# Vics with Mbuna



## ccwb333 (Dec 12, 2007)

I was looking at some Mbipia lutea "yala swamp", and was told the do well with mbuna. Saw some Pundamilia nyererei (Ruti Is.) recently for sale. Will either of these do well in a standard 55 gal with mbuna breeding groups? Can Vics cross breed with mbuna? May put them in my 100 gal tank, but was wondering about a smaller tank also. Anything else that the Vics need diffrent than my mbuna? Thanks in advance for any replies.


----------



## ds1196 (Jun 20, 2004)

I've had great success keeping both the lutea and nyererei with mbuna.
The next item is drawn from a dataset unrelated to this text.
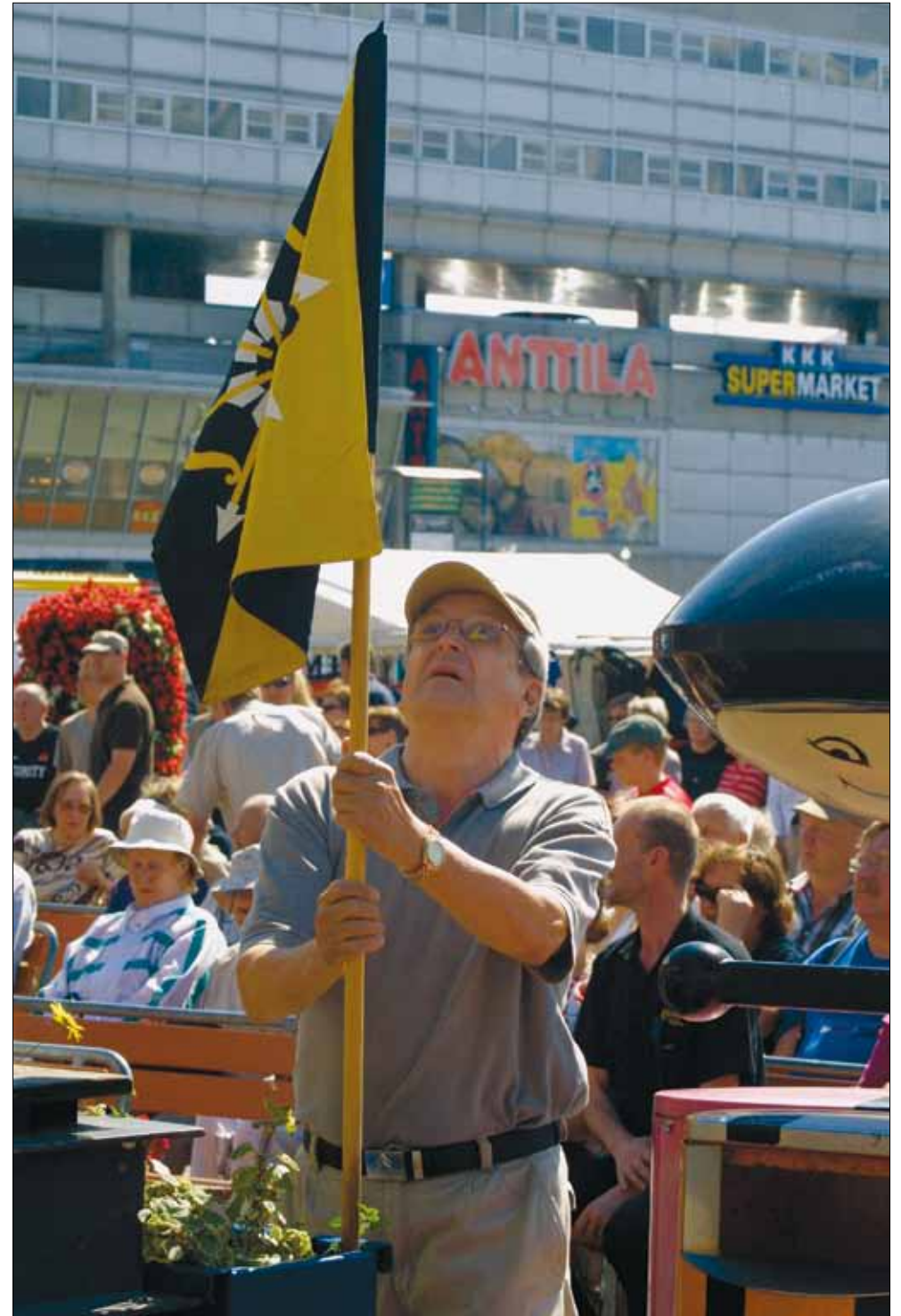
“Isän murre ja äetiltä kieli meelle perinnöks annettu on. Sitä tallentoo pitää ja huastellakkii. Tämä taeto on korvoomaton.”

Hybridization between vics and mbuna is possible, but very unlikely. If it did happen, it should be easy to tell right away. The best way to avoid hybridization is to have plenty of males and females of both species. For example, if you have only male nyererei in a tank with mbuna, they'll be more likely to breed with the mbuna since their own females aren't available.


----------



## justin3p0 (Apr 5, 2010)

i have a 55gal with vics and mbuna.....

to tell you the truth one of my vics rules the tank and is a beast is one the mbuna tries to test him i have an all male tank


----------



## bearded lab (Apr 28, 2010)

I am not surprised, the only vics I ever had were nasty! But then again, I didn't provide the best opportunity for success. Learned many lessons from that batch of fish.


----------